Chapter U5, Problem SIV5RE

Interpretation Introduction

(a)

Interpretation:

The metal that will be oxidized and the metal that will be reduced when an electrochemical cell is formed with lead nitrate and silver nitrate must be explained. Balanced half equations for these reactions must also be written.

Concept introduction:

Metal will be oxidized for which reduction potential is less. It will be a reducing agent.

Answer to Problem SIV5RE

Lead metal will be oxidized and silver metal will be reduced.

$\begin{array}{l}\text{Pb}\to {\text{Pb}}^{\text{2+}}\text{+2e}\text{.}\\ {\text{2Ag}}^{\text{+}}\text{+2e}\to \text{2Ag}\text{.}\end{array}$

Explanation of Solution

As the silver electrode has a higher reduction potential as compared to the lead electrode, silver will be cathode where reduction will take place. Thus silver will be reduced and lead will be oxidized.

The two half cell reactions are shown in which 2e are involved.

Interpretation Introduction

(b)

Interpretation:

The balanced overall reaction must be written for the cell.

Concept introduction:

Overall electrochemical reaction is the total reaction taking place in cathode and anode which includes oxidation of one electrode and reduction of another electrode.

Answer to Problem SIV5RE

The overall cell reaction is ${\text{Pb(s)+2Ag}}^{\text{+}}\text{(aq)}\to {\text{Pb}}^{\text{2+}}\text{(aq)+2Ag(s)}$

Explanation of Solution

The overall reaction for the cell is written in which electrons are cancelled from both the sides.

The physical states of all the species involved are given in bracket. ${\text{Ag}}^{+}$ and ${\text{Pb}}^{2+}$ will be in aqueous solution and metallic Ag and Pb will be in solid-state.

Interpretation Introduction

(c)

Interpretation:

The number moles of electrons that will flow from cathode to anode must be calculated.

Concept introduction:

Silver is monovalent cation whereas lead is divalent cation. So, 2 moles of silver ions are reacting with 1 mole of lead.

Answer to Problem SIV5RE

2 moles of electron will flow from anode to cathode.

Explanation of Solution

$\begin{array}{l}\text{Pb}\to {\text{Pb}}^{\text{2+}}\text{+2e}\text{.}\\ {\text{2Ag}}^{\text{+}}\text{+2e}\to \text{2Ag}\text{.}\end{array}$

From the two half cell reactions, it can be seen that 2 moles of electrons are involved.

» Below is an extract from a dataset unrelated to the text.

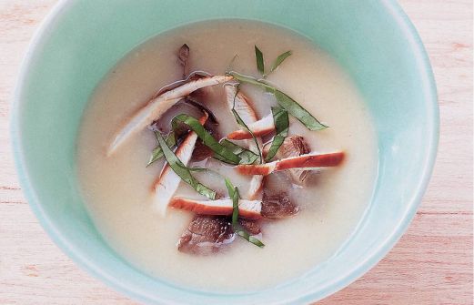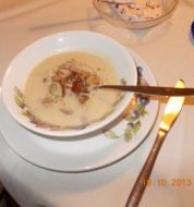 Ingrediënten 50 g boter 25 g bloem 1 liter kippenbouillon (zelfgetrokken) 150 g oesterzwammen witte peper 100 g gerookte kipfilet 1 ei (gesplitst (eiwit wordt niet gebruikt)) 1 dl koksroom (pakje a 2 dl) nootmuskaat citroensap ½ za [...]

So from anode to cathode, 2 moles of electrons will flow.

Interpretation Introduction

(d)

Interpretation:

The voltage for the electrochemical cell must be calculated.

Concept introduction:

The voltage of an electrochemical cell can be written as

${\text{E}}^{\text{0}}{}_{\text{cell}}{\text{=E}}^{\text{0}}{}_{\text{cathode}}{\text{-E}}^{\text{0}}{}_{\text{anode}}$ where ${\text{E}}^{\text{0}}{}_{\text{cathode}}{\text{ and E}}^{\text{0}}{}_{\text{anode}}$ are standard reduction potentials of cathode and anode respectively.

Answer to Problem SIV5RE

Voltage of the electrochemical cell is 0.93 V.

Explanation of Solution

${\text{E}}^{\text{0}}{}_{\text{cell}}{\text{=E}}^{\text{0}}{}_{\text{cathode}}{\text{-E}}^{\text{0}}{}_{\text{anode}}$

The standard reduction potential for silver (cathode) and lead (anode) electrode are 0.80 V and -0.13 V respectively.

Thus, ${\text{E}}^{\text{0}}{}_{\text{cell}}\text{=[0}\text{.80-(-0}\text{.13)] V=[0}\text{.80+0}\text{.13] V=0}\text{.93 V}\text{.}$